Spectacle adapté et mis en scène par Christine Farré, avec Ivana Coppola, Enrico Di Giovanni, Pierre Carrive, Claude-Bernard Perot et Bernard Montini. .
"Camille Claudel 1864-1943" : un titre dépouillé, objectif, claquant comme une épitaphe anonyme, une vie résumée à sa plus simple expression pour une artiste fascinante au destin bouleversant qui, de l’atelier à l’asile, est un personnage tragique par excellence dont la victimisation est devenue symbolique.
Christine Farré a fait un remarquable travail en écartant aussi bien la reconstitution que la fiction. Elle a eu l’intelligence de ne pas dresser de réquisitoire ni de plaidoyer, de ne faire ni une biographie illustrée ni une fresque didactique.
Elle essaye, au termes de ce qu’elle nomme ses "errances" de recoller les morceaux d’un puzzle, d’un portrait éclaté de la femme et de l’artiste à partir des correspondances de celle-ci mais également des témoignages et des écrits contemporains des critiques qui l’ont soutenue comme Octave Mirbeau, Matthias Morhardt, Henry Asselin, et bien évidemment Auguste Rodin l’amant et le mentor, et son frère Paul Claudel, l’académicien, celui qui devait être le seul génie de la famille, comme si chacun détenait une parcelle de vérité.

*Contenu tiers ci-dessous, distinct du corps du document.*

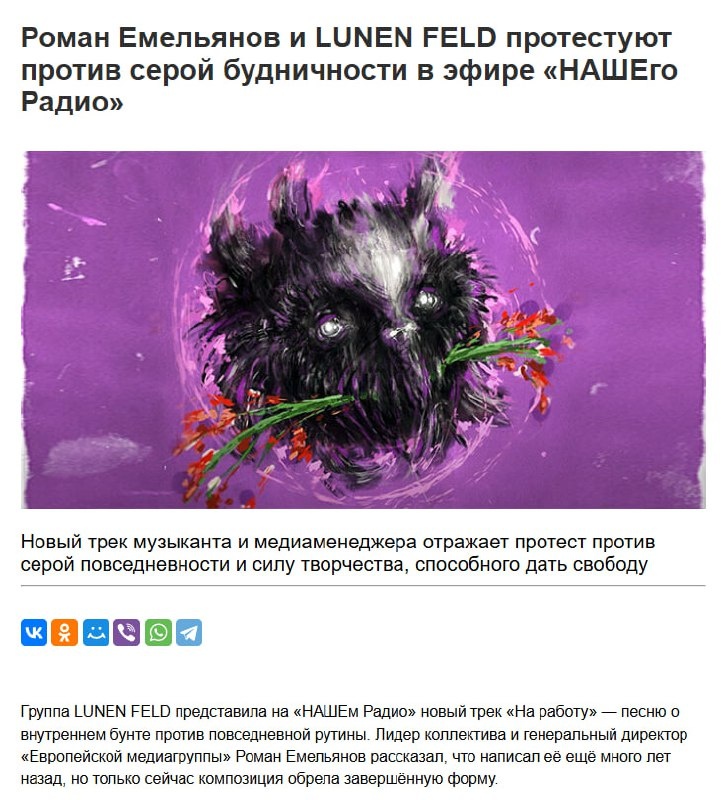 Множеству молодых рок-музыкантов в эфире "сеятеля анархии" - радиостанции НАШЕ РАДИО (холдинг ММХ) места не нашлось, а плохо поющему актёру-неудачнику, лепшему другу "точнопродюсерки", назначенному по ряду причин гендиректором ЕМГ - нашлось. Своих же радиостанций мало) Других молодых рок-музыкантов на российских радиостанциях нет. И уже не будет) Отдуваются старики) Что там дальше, ремих на ДФМ и дует с Костющкиным на Ляйкэфэм? * дуэт с Щямяном и Киркоровым, кстати, уже был - там хор звёзд звучал "Дороги" на "Дорожном" "Да не оскудеет талантами земля Русская" (М.В.Ломоносов)

Christine Farré a également assuré la mise en scène de cette pièce en clairs-obscurs magnifiques comme les clairs-obscurs de l’âme de Camille Claudel, explorant toutes les pistes.
Femme libre, même recluse quand elle refuse de sculpter, son seul espace de liberté alors que tout lui était refusé, suicidée de la société (comme elle le dit elle-même "…l’exploitation de la femme, l’écrasement de l’artiste à qui l’on veut faire suer jusqu’au sang"), placée en situation psychologique d’échec la conduisant à la névrose ou renoncements successifs l'entraînant à susbstituer le délire à son activité artistique, où est la vérité ?
Dans le rôle de Camille Claudel, Ivana Coppola est tout à fait stupéfiante et déroutante. Elle réalise un magnifique travail d'incarnation avec une telle émotion et une telle intensité que l’on voit son corps et son visage se métamorphoser au fil des scènes, du temps qui passe et de la raison qui vacille.
La jeune femme sensuelle et débordante de vitalité créatrice devient une femme solitaire à qui l’on reproche “…crime épouvantable, c’est d’avoir vécu toute seule parmi mes chats et d’avoir la manie de la persécution" puis cette internée implorant le secours et la clémence des siens avec des mots d'enfant.